EXERCISE INSTRUCTIONS:
Using the entries that follow, transcribe only the lines from the line with "NZXT are using" to the line with "近日,中國施工企業管理協會公", both included, exactly as they stand and without pictures.

DATA SHOWN:
[Start of section]
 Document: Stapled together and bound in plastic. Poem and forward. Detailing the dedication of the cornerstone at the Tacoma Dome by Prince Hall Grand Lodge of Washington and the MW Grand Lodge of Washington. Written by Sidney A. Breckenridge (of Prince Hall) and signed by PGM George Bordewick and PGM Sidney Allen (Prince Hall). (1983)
[End of section]
[Start of section]
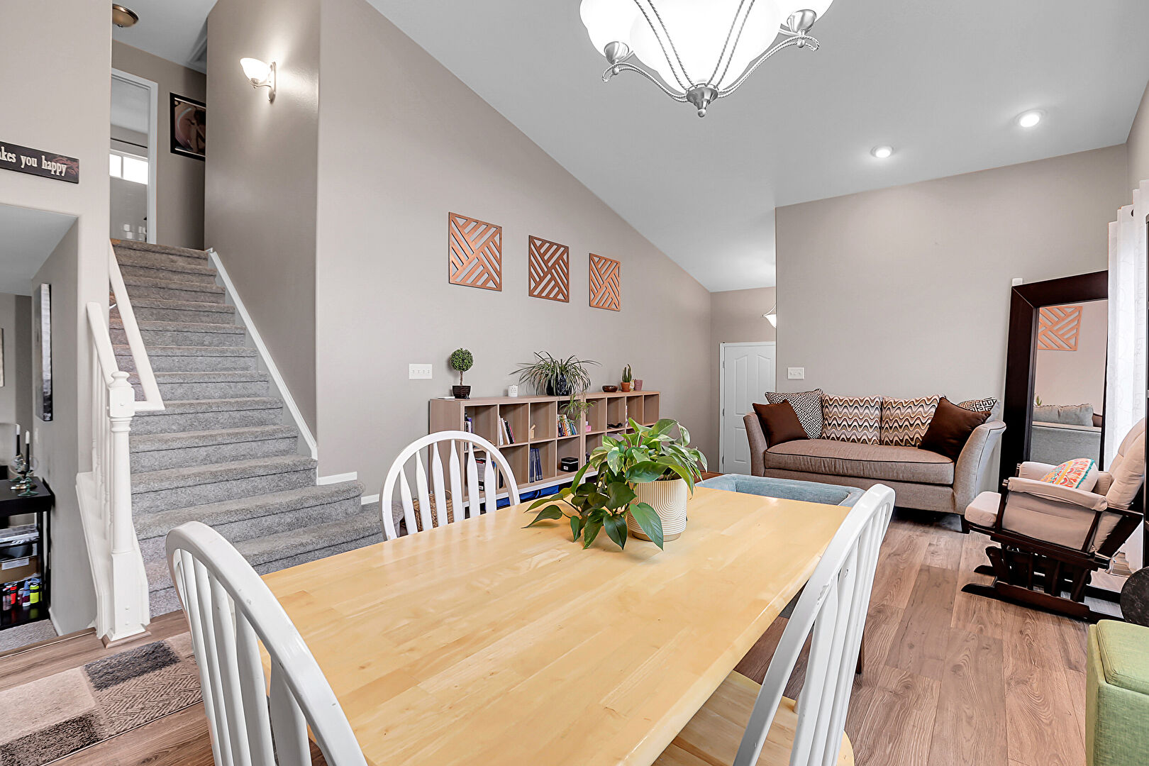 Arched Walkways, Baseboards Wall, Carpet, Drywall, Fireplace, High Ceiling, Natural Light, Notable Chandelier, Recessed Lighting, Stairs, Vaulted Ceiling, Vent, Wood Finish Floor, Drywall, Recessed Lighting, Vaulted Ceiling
[End of section]
[Start of section]
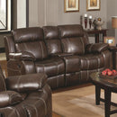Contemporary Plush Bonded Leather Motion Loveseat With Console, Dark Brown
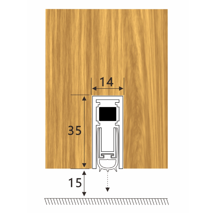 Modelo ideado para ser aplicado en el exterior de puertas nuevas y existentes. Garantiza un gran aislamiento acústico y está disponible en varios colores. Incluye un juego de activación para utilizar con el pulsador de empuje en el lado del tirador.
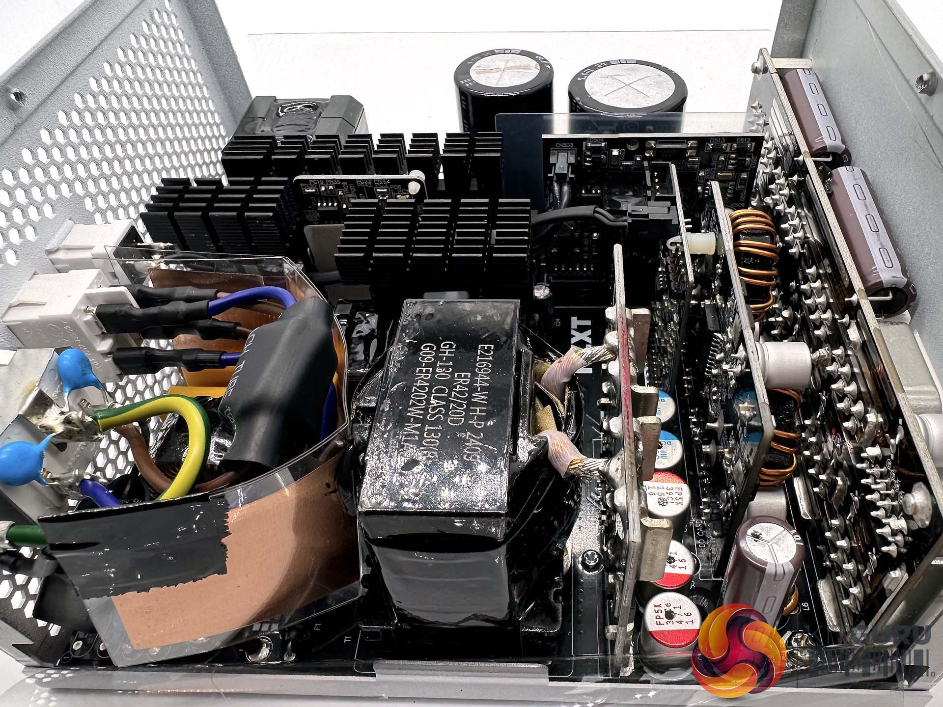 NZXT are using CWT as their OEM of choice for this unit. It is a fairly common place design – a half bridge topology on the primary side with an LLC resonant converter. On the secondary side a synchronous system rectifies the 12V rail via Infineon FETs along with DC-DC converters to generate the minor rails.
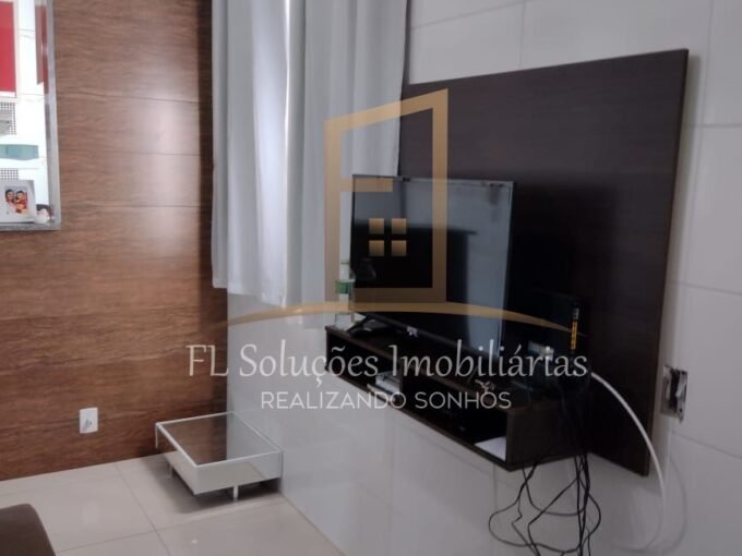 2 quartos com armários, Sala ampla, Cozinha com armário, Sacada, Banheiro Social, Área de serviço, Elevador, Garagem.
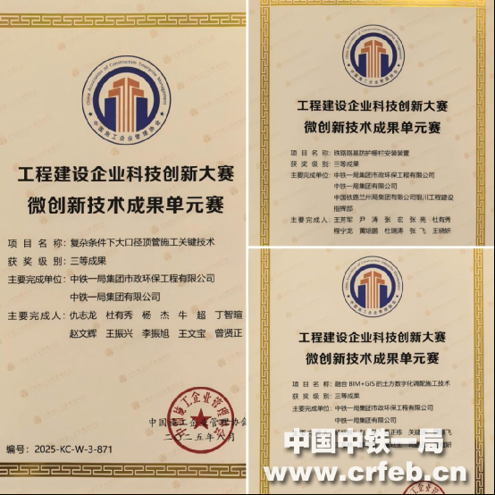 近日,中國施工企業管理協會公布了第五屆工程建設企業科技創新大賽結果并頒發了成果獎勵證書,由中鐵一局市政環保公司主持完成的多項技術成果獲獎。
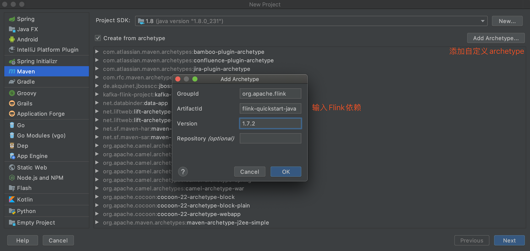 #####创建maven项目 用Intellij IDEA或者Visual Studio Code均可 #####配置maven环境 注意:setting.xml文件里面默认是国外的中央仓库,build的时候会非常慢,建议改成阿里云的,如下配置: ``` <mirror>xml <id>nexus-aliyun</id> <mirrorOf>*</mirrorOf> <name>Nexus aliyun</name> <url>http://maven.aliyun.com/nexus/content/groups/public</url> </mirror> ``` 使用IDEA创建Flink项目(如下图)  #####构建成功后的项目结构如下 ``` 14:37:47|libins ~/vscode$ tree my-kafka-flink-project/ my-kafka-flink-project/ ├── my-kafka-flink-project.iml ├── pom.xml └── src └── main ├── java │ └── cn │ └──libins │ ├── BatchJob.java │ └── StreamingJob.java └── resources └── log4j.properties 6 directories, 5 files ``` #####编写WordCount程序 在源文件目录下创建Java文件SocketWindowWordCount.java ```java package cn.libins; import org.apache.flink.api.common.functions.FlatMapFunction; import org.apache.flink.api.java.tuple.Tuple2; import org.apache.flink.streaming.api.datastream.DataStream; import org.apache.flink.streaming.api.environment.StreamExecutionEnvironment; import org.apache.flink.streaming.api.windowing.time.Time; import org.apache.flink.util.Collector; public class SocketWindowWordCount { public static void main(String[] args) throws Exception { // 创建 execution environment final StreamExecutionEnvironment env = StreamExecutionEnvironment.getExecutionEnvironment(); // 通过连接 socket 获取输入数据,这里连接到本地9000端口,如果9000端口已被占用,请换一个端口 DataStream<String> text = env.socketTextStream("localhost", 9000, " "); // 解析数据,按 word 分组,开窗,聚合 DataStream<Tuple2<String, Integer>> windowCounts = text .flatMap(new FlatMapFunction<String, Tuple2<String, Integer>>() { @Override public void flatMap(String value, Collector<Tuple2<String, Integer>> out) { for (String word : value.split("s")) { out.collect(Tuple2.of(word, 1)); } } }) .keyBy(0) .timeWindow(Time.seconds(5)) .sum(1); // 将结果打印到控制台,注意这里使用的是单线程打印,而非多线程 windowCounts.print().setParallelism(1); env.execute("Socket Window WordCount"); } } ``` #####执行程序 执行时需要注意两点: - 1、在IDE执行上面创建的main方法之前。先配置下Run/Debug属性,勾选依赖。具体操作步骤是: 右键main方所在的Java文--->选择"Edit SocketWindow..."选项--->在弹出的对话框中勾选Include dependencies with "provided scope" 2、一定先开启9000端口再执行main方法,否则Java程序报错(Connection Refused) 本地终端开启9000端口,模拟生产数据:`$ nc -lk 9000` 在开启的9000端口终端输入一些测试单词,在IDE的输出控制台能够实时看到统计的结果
[End of section]
EXERCISE RESPONSE:
 NZXT are using CWT as their OEM of choice for this unit. It is a fairly common place design – a half bridge topology on the primary side with an LLC resonant converter. On the secondary side a synchronous system rectifies the 12V rail via Infineon FETs along with DC-DC converters to generate the minor rails.
 2 quartos com armários, Sala ampla, Cozinha com armário, Sacada, Banheiro Social, Área de serviço, Elevador, Garagem.
 近日,中國施工企業管理協會公布了第五屆工程建設企業科技創新大賽結果并頒發了成果獎勵證書,由中鐵一局市政環保公司主持完成的多項技術成果獲獎。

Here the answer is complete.